# Extracted data
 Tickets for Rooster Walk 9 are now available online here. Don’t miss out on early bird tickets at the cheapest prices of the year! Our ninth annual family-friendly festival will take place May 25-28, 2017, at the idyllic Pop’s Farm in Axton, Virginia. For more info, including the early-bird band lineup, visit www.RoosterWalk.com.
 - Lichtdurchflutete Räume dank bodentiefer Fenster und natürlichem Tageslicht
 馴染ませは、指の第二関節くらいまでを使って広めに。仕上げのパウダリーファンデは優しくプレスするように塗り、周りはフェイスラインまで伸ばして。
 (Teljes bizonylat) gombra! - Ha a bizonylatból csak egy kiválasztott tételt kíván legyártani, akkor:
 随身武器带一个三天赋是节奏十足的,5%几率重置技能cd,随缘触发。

...

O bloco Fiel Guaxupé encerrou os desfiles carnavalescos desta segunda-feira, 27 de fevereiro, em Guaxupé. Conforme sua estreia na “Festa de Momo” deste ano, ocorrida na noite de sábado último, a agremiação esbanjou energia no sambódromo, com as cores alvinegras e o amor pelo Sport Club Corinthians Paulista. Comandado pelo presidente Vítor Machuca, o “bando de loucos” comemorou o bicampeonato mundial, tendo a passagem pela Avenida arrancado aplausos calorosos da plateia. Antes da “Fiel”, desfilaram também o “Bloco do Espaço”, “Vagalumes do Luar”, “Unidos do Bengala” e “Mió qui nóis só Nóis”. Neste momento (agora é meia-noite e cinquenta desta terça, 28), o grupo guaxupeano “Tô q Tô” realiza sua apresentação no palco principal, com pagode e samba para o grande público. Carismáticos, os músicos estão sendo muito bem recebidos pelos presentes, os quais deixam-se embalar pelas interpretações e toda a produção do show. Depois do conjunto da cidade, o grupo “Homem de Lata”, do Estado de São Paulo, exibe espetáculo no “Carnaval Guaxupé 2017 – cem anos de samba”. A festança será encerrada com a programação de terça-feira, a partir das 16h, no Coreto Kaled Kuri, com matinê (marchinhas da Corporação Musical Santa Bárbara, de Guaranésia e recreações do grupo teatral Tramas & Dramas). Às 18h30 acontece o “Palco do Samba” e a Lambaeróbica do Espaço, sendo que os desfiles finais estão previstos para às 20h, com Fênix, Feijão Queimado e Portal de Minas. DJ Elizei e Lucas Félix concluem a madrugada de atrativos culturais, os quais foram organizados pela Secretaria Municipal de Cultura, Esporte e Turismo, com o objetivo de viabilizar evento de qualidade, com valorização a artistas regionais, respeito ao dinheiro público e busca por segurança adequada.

# Description of the task
Go to the line in the material above that contains "(Teljes bizonylat) gombra!" and copy exactly from there through the line that contains "随身武器带一个三天赋是节奏十足的,5%几率重置技能cd,随缘触发。", stopping after it.

# Exercise response
 (Teljes bizonylat) gombra! - Ha a bizonylatból csak egy kiválasztott tételt kíván legyártani, akkor:
 随身武器带一个三天赋是节奏十足的,5%几率重置技能cd,随缘触发。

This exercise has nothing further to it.